* **Work item**: In the records that follow, skip the pictures and print everything else exactly.

The data START

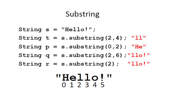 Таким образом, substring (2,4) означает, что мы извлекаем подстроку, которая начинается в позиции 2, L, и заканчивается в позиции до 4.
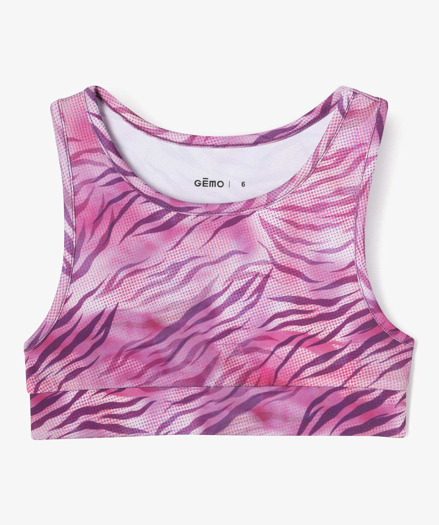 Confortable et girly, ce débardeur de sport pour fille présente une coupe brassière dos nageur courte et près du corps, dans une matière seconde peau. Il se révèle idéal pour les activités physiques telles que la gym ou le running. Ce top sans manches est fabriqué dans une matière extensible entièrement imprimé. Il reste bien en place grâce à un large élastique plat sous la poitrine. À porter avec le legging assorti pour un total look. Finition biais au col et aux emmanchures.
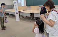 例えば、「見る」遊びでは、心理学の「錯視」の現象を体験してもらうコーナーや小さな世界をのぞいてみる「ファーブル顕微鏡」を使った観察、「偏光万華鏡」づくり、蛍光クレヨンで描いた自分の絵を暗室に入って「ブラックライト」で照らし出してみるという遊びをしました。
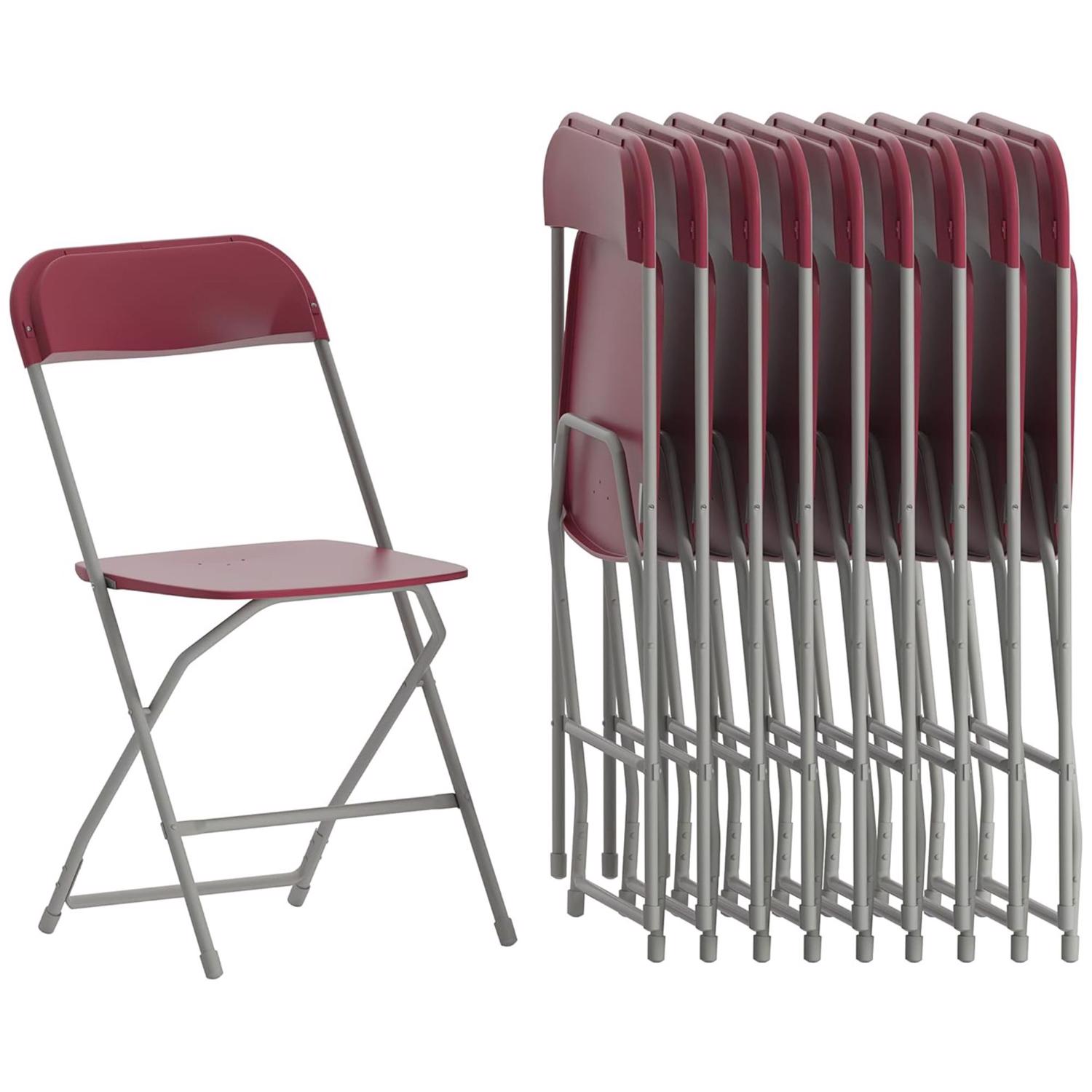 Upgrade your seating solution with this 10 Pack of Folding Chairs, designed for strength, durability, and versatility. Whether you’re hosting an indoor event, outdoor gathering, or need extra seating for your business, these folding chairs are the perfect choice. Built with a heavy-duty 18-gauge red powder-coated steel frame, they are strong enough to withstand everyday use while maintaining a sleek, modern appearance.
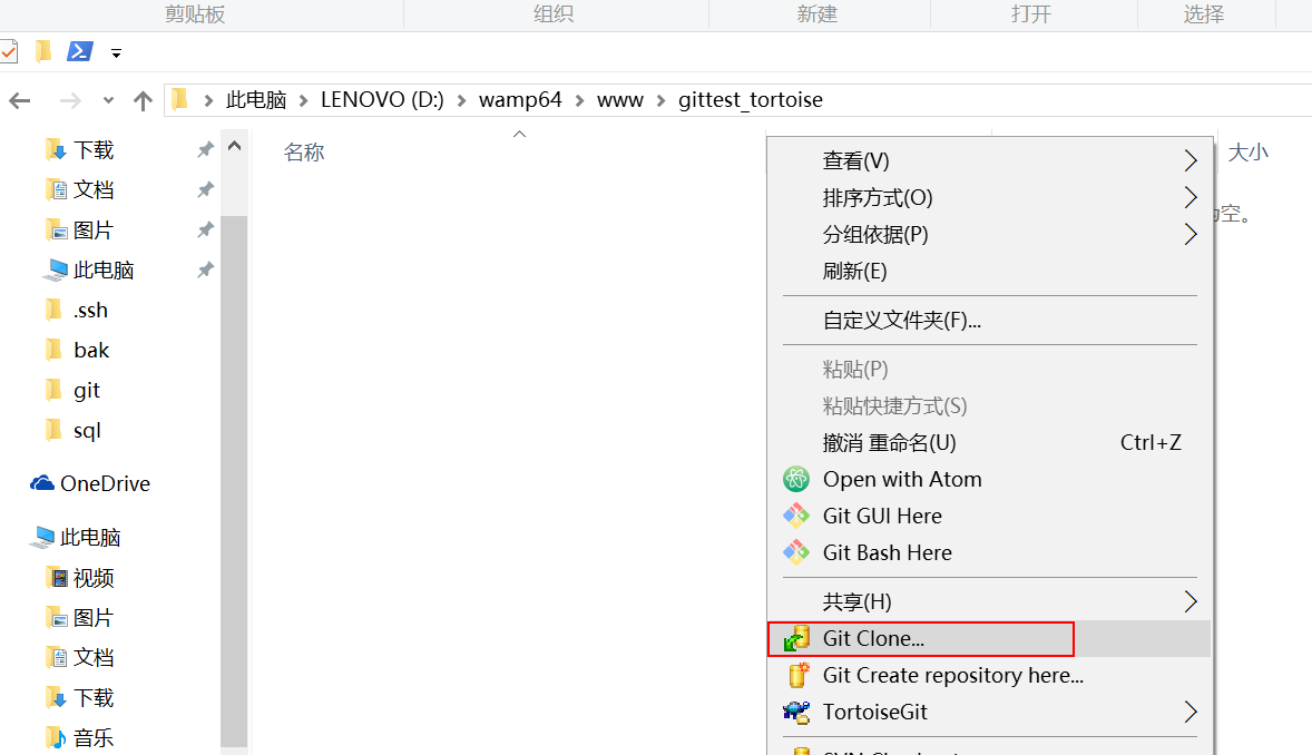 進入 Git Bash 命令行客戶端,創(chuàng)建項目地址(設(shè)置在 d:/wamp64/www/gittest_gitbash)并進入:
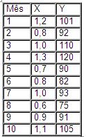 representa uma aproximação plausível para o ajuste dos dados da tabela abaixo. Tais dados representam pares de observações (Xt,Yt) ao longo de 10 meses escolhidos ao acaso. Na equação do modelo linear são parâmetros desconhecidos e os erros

The data END

* **Written response**:
 Таким образом, substring (2,4) означает, что мы извлекаем подстроку, которая начинается в позиции 2, L, и заканчивается в позиции до 4.
 Confortable et girly, ce débardeur de sport pour fille présente une coupe brassière dos nageur courte et près du corps, dans une matière seconde peau. Il se révèle idéal pour les activités physiques telles que la gym ou le running. Ce top sans manches est fabriqué dans une matière extensible entièrement imprimé. Il reste bien en place grâce à un large élastique plat sous la poitrine. À porter avec le legging assorti pour un total look. Finition biais au col et aux emmanchures.
 例えば、「見る」遊びでは、心理学の「錯視」の現象を体験してもらうコーナーや小さな世界をのぞいてみる「ファーブル顕微鏡」を使った観察、「偏光万華鏡」づくり、蛍光クレヨンで描いた自分の絵を暗室に入って「ブラックライト」で照らし出してみるという遊びをしました。
 Upgrade your seating solution with this 10 Pack of Folding Chairs, designed for strength, durability, and versatility. Whether you’re hosting an indoor event, outdoor gathering, or need extra seating for your business, these folding chairs are the perfect choice. Built with a heavy-duty 18-gauge red powder-coated steel frame, they are strong enough to withstand everyday use while maintaining a sleek, modern appearance.
 進入 Git Bash 命令行客戶端,創(chuàng)建項目地址(設(shè)置在 d:/wamp64/www/gittest_gitbash)并進入:
 representa uma aproximação plausível para o ajuste dos dados da tabela abaixo. Tais dados representam pares de observações (Xt,Yt) ao longo de 10 meses escolhidos ao acaso. Na equação do modelo linear são parâmetros desconhecidos e os erros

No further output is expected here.